*** Opening Task data ***

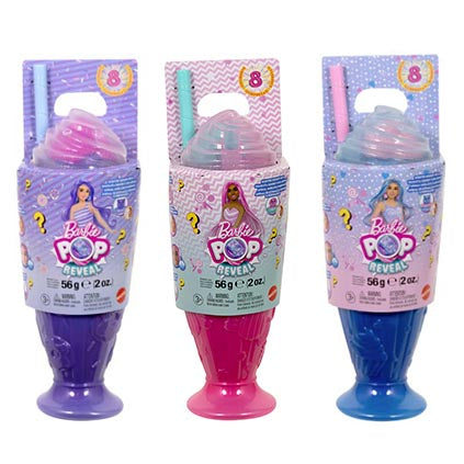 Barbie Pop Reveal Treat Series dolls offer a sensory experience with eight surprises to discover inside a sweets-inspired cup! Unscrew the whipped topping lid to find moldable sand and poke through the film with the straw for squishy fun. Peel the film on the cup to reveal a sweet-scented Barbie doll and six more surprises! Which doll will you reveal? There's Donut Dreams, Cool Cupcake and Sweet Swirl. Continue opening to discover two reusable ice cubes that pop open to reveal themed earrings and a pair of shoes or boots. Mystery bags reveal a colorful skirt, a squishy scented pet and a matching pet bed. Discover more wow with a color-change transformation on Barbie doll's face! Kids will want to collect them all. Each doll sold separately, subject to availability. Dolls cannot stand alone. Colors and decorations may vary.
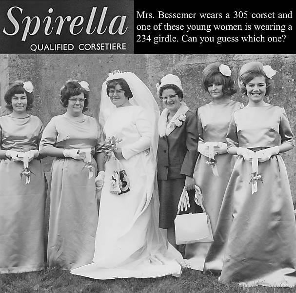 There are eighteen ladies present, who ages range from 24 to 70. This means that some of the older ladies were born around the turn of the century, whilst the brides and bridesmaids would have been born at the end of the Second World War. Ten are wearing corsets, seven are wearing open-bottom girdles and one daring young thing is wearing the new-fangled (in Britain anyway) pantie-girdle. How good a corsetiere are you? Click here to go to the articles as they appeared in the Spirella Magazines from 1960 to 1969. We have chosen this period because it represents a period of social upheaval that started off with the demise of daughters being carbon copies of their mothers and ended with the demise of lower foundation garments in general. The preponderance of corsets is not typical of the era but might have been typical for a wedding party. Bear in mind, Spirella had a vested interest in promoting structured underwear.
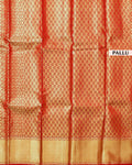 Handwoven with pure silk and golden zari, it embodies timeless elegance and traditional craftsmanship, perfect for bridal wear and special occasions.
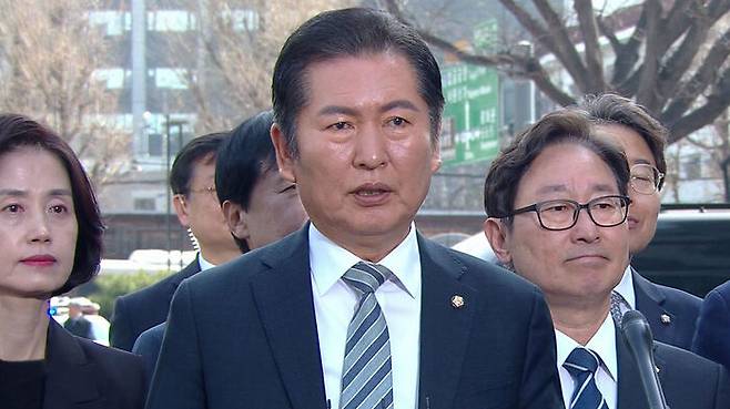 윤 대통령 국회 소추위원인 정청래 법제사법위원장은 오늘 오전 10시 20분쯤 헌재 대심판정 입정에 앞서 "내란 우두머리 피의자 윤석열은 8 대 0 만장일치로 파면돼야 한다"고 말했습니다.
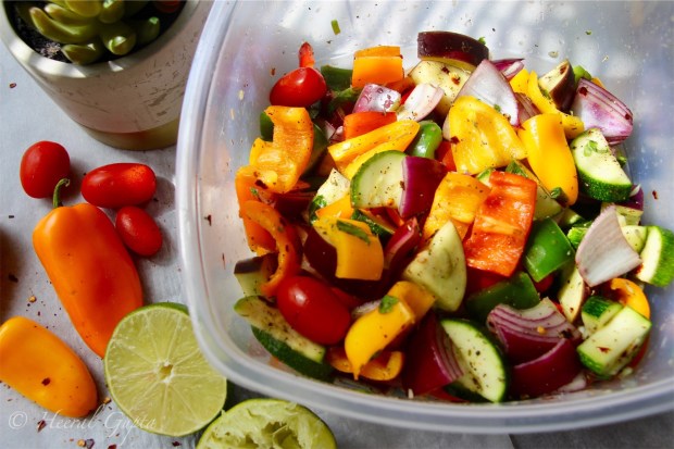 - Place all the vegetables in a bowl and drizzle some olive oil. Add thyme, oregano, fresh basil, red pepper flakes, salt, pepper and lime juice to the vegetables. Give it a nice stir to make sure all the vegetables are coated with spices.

*** Closing Task data ***

■ **Work instructions**: Make an exact copy of the listing above. Do not include the pictures.

■ **Solution to this exercise**:
 Barbie Pop Reveal Treat Series dolls offer a sensory experience with eight surprises to discover inside a sweets-inspired cup! Unscrew the whipped topping lid to find moldable sand and poke through the film with the straw for squishy fun. Peel the film on the cup to reveal a sweet-scented Barbie doll and six more surprises! Which doll will you reveal? There's Donut Dreams, Cool Cupcake and Sweet Swirl. Continue opening to discover two reusable ice cubes that pop open to reveal themed earrings and a pair of shoes or boots. Mystery bags reveal a colorful skirt, a squishy scented pet and a matching pet bed. Discover more wow with a color-change transformation on Barbie doll's face! Kids will want to collect them all. Each doll sold separately, subject to availability. Dolls cannot stand alone. Colors and decorations may vary.
 There are eighteen ladies present, who ages range from 24 to 70. This means that some of the older ladies were born around the turn of the century, whilst the brides and bridesmaids would have been born at the end of the Second World War. Ten are wearing corsets, seven are wearing open-bottom girdles and one daring young thing is wearing the new-fangled (in Britain anyway) pantie-girdle. How good a corsetiere are you? Click here to go to the articles as they appeared in the Spirella Magazines from 1960 to 1969. We have chosen this period because it represents a period of social upheaval that started off with the demise of daughters being carbon copies of their mothers and ended with the demise of lower foundation garments in general. The preponderance of corsets is not typical of the era but might have been typical for a wedding party. Bear in mind, Spirella had a vested interest in promoting structured underwear.
 Handwoven with pure silk and golden zari, it embodies timeless elegance and traditional craftsmanship, perfect for bridal wear and special occasions.
 윤 대통령 국회 소추위원인 정청래 법제사법위원장은 오늘 오전 10시 20분쯤 헌재 대심판정 입정에 앞서 "내란 우두머리 피의자 윤석열은 8 대 0 만장일치로 파면돼야 한다"고 말했습니다.
 - Place all the vegetables in a bowl and drizzle some olive oil. Add thyme, oregano, fresh basil, red pepper flakes, salt, pepper and lime juice to the vegetables. Give it a nice stir to make sure all the vegetables are coated with spices.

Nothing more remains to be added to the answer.